Existing models of visual attention are often task-specific, lack a unifying theoretical foundation, and suffer from limited interpretability. This work proposes a unified computational framework grounded in resource-rationality, formalizing visual attention as a sequential decision-making process under constraints of perception, memory, and time. By casting reading and multitasking scenarios as bounded optimal control problems, the model leverages a core Partially Observable Markov Decision Process (POMDP) architecture. In simulated environments, realistic eye movement patterns emerge naturally—without hand-crafted rules or purely data-driven learning. The framework successfully reproduces established empirical phenomena, reveals an inherent trade-off between comprehension and safety, and generates novel, testable predictions under conditions of time pressure and dynamic interface changes.

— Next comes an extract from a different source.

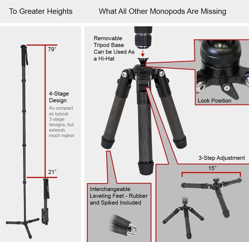 A VariZoom CHICKENFOOT-AL egy könnyű alumínium professzionális monopod, lehajtható állványtalppal, amely kivételes sokoldalúságot, stabilitást és gyors felállítást biztosít videó- és fotófelvételekhez.
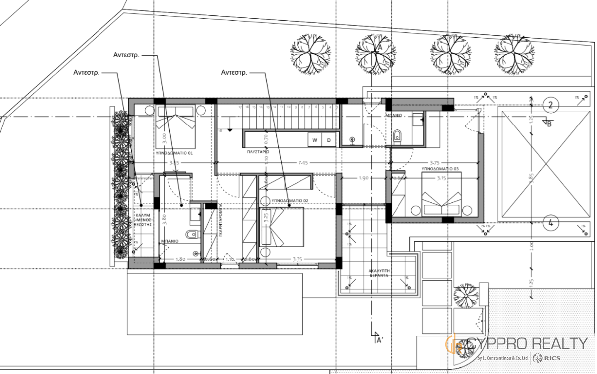 The building is divided in two floors. The ground floor is the main area of the house consisting of the social areas like the living room, dining room and kitchen. The main characteristic of the ground floor is the open plan area which creates very large, functional spaces.

Understanding how people allocate visual attention is central to Human-Computer Interaction (HCI), yet existing computational models of attention are often either descriptive, task-specific, or difficult to interpret. My dissertation develops a resource-rational, simulation-based framework for modeling visual attention as a sequential decision-making process under perceptual, memory, and time constraints. I formalize visual tasks, such as reading and multitasking, as bounded-optimal control problems using Partially Observable Markov Decision Processes, enabling eye-movement behaviors such as fixation and attention switching to emerge from rational adaptation rather than being hand-coded or purely data-driven. These models are instantiated in simulation environments spanning traditional text reading and reading-while-walking with smart glasses, where they reproduce classic empirical effects, explain observed trade-offs between comprehension and safety, and generate novel predictions under time pressure and interface variation. Collectively, this work contributes a unified computational account of visual attention, offering new tools for theory-driven and resource-efficient HCI design.